Soccer remains the most important of all the unimportant things.

That lack of importance was reinforced by the public outcry when several rich Premier League teams tried to opt into a British government program to cover 80 percent of the salaries of furloughed employees to avoid the kind of soaring unemployment we’re seeing stateside.

Without soccer, life has gone on. Not quite as interestingly on the weekends, perhaps, but we’ve chugged along regardless. Soccer, then, is inessential. And inessential things shouldn’t be bailed out by the taxpayer if they can afford to cover the shortfall themselves. The sport is not a public good.

And the Premier League teams have themselves to thank for that reality check.

The clubs in the Premier League decided not to be a public good anymore when they got together and decided they could all make more money by breaking away from England’s Football League and selling TV rights to subscription channels, excluding a large part of the population. They hardly acted in the public interest when they slowly raised season ticket prices to the point where it takes a considerable disposable income to afford them — running as high as $17,000 at Arsenal for one person. And they weren’t that bothered about the common man, the bedrock of their fanbase, when they allowed the cost of replica jerseys to rise well above $100 a pop.
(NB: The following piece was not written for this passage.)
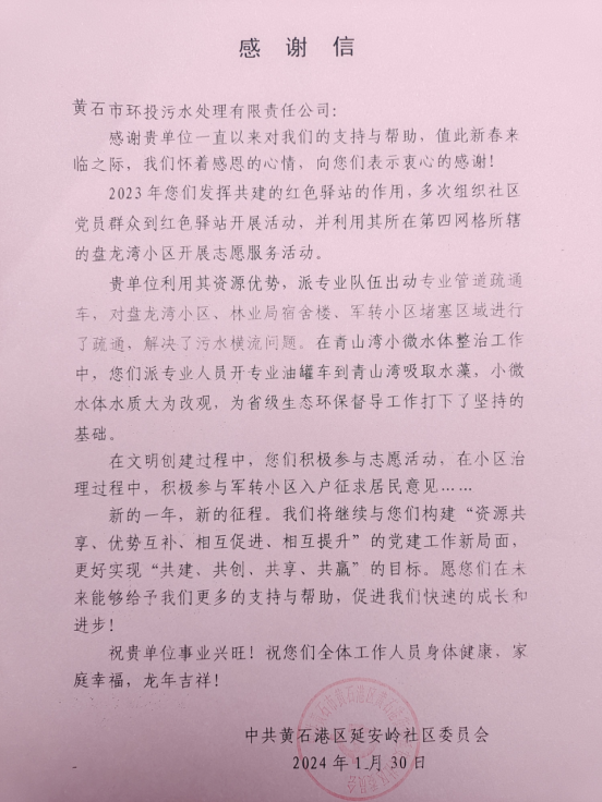 自創(chuàng)建“紅色驛站”以來,我們發(fā)揮技術(shù)優(yōu)勢,為黨員群眾提供管網(wǎng)疏通等志愿服務(wù),截止目前污水公司已派出專業(yè)隊(duì)伍開展志愿疏通服務(wù)15次,疏通惠及社區(qū)群眾1000多戶,下一步污水(排水)公司將以“紅色驛站”為載體,聯(lián)合延安嶺社區(qū),積極擴(kuò)大企業(yè)的社會(huì)影響力,為優(yōu)化我市營商環(huán)境展現(xiàn)國企擔(dān)當(dāng)。

Fans' voices were heard — finally — and big Premier League clubs like Liverpool and Tottenham reversed their decisions to furlough employees. (Photo by Michael Regan - UEFA/UEFA via Getty Images)
Fans' voices were heard — finally — and big Premier League clubs like Liverpool and Tottenham reversed their decisions to furlough employees. (Photo by Michael Regan - UEFA/UEFA via Getty Images)
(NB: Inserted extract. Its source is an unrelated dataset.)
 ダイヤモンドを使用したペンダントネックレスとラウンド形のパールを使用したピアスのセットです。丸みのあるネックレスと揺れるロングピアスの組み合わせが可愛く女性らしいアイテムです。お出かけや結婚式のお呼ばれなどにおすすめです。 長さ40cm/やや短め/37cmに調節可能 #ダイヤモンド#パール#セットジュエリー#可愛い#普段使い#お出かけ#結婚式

Which is why it rankled the public when Liverpool and Tottenham Hotspur announced that they would be opting into the so-called coronavirus job retention scheme. Because they did so in spite of posting healthy operating profits last season – about $50 million for Liverpool; some $120 million for Spurs. They are owned by billionaires. They disregarded their own previous greed at the expense of the very taxpayers they felt should essentially bail them out. Both clubs generate revenues of more than half a billion dollars per year and are profitable to the point that they could tide over their payroll without running deficits for several months, even if no money is coming in.

Liverpool backtracked after two days and confessed publicly that it came to “the wrong conclusion” and was “truly sorry for that.”
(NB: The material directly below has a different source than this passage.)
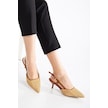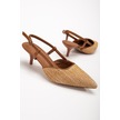 Kadın Kısa Topuklu Ayakkabı Taba Hasır Malzeme İnce Topuk Yan Direkli-3795 Taba

It took Spurs until Monday to be pressured into a reversal, pushed largely by its own fans. “We are acutely aware that many supporters were against the decision we made,” Tottenham said in a statement. “Indeed we have seen opposition from fans to fellow Premier League clubs accessing the CJRS too. This once again underlines that we bear different pressures to other businesses. […] In view of supporter sentiment regarding the scheme, it is now not our intention to make use of the current CJRS that runs until the end of May.”

Spurs added that it would convert its stadium parking lot into a COVID-19 testing center.

Other teams may have toyed with the idea of using the government program but wisely decided against it. Manchester City and Manchester United publicly announced that they would not seek public funds to cover payroll. But clubs like Newcastle United, Norwich City and Bournemouth have used the CJRS program nonetheless, in spite of their own rich owners, in spite of TV revenue that amounts to at least $150 million per season — even if some of that money may have to be returned to the networks.

It’s a rare thing that fans genuinely having something to say in how the business of soccer is conducted. In most places where the clubs aren’t fan-owned, their interests haven’t been represented adequately in decades.

But this time around, the balance of power was reversed. The fans weren’t merely the customers, they were the financiers. Which is how they were able to ramp up public pressure for the clubs to do the right thing.

They were there to remind the soccer clubs that, after spending decades making themselves inaccessible to common people, they had also forfeited the right to turn to them for money when their riches temporarily dried up.